# [Exercise requirements]
Your task is to transcribe the entries below exactly, from their first line down to the line containing "同色系的绿色单品搭配,会打造出空间的层次感,也避免了使用单一色彩的单调感。", and to stop there.

# [Data for this task]
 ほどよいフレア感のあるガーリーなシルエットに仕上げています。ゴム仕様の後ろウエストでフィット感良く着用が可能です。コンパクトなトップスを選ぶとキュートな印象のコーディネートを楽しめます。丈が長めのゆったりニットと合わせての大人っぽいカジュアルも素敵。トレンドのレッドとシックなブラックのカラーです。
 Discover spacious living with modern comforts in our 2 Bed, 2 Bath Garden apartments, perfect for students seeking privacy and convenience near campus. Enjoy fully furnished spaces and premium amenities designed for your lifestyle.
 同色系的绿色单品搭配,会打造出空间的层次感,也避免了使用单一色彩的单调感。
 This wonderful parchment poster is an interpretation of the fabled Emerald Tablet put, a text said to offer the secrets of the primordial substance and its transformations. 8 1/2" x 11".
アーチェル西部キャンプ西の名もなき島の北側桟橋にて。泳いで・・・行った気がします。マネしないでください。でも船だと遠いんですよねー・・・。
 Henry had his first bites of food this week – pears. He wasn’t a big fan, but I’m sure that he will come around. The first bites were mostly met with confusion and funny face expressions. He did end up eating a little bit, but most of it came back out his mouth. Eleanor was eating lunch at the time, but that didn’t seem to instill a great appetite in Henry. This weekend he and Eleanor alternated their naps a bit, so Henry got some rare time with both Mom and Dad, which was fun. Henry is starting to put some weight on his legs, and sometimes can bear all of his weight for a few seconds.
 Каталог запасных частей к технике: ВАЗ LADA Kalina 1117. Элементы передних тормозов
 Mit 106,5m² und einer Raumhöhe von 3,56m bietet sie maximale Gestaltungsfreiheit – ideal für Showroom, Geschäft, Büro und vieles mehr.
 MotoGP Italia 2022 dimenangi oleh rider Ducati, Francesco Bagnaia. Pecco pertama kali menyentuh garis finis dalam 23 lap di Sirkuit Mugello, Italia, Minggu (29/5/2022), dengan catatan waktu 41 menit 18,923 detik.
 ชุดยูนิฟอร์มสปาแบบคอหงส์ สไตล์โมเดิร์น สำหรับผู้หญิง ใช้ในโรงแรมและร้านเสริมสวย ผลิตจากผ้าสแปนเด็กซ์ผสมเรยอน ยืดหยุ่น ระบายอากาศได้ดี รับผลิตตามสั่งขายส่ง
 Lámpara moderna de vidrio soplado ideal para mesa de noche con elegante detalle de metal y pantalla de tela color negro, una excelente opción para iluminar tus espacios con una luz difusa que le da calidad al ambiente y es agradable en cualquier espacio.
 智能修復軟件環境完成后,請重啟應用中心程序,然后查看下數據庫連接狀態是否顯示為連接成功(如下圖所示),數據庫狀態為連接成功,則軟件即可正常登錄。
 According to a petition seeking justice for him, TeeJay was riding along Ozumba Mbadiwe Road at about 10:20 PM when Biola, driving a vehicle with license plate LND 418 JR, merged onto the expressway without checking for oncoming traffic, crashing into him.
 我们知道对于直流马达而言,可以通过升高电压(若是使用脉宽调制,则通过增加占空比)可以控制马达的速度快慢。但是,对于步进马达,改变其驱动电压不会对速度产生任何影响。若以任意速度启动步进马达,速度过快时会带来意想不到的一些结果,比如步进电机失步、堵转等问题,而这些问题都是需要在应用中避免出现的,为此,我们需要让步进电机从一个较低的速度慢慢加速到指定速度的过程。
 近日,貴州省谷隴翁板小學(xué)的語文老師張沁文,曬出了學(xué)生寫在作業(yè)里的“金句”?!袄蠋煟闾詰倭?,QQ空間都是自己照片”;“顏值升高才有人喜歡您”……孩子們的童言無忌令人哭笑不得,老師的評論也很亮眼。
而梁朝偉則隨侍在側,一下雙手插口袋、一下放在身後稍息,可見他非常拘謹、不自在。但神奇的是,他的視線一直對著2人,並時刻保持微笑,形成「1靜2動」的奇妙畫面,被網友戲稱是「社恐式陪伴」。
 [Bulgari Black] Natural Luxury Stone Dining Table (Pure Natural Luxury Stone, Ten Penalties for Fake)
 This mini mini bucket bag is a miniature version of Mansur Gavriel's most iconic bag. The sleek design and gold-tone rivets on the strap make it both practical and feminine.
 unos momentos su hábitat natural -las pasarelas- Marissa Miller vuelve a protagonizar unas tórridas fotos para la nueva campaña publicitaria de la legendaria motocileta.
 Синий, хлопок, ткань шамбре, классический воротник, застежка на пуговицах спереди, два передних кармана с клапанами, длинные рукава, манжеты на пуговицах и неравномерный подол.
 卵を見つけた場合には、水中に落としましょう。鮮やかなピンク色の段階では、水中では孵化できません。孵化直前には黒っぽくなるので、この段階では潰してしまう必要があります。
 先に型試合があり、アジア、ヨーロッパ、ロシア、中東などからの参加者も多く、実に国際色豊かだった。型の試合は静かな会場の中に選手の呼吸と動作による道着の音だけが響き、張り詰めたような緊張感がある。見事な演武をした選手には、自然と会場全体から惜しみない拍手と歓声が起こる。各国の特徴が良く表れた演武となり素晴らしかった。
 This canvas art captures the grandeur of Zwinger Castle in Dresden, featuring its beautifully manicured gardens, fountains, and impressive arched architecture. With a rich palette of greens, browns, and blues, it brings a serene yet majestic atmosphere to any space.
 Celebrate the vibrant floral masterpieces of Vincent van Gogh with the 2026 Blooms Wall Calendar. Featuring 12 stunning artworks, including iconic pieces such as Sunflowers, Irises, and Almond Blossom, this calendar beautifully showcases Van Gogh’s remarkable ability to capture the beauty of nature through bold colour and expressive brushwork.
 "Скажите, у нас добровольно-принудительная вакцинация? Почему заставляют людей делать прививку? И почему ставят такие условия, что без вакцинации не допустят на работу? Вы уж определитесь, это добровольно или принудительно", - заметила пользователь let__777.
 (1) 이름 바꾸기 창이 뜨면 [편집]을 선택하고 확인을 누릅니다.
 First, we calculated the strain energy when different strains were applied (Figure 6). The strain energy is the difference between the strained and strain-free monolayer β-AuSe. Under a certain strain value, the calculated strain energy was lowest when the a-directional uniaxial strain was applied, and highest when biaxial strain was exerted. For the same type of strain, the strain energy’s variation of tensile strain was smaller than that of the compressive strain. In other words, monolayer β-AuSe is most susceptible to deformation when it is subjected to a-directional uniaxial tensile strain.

# [Written solution]
 ほどよいフレア感のあるガーリーなシルエットに仕上げています。ゴム仕様の後ろウエストでフィット感良く着用が可能です。コンパクトなトップスを選ぶとキュートな印象のコーディネートを楽しめます。丈が長めのゆったりニットと合わせての大人っぽいカジュアルも素敵。トレンドのレッドとシックなブラックのカラーです。
 Discover spacious living with modern comforts in our 2 Bed, 2 Bath Garden apartments, perfect for students seeking privacy and convenience near campus. Enjoy fully furnished spaces and premium amenities designed for your lifestyle.
 同色系的绿色单品搭配,会打造出空间的层次感,也避免了使用单一色彩的单调感。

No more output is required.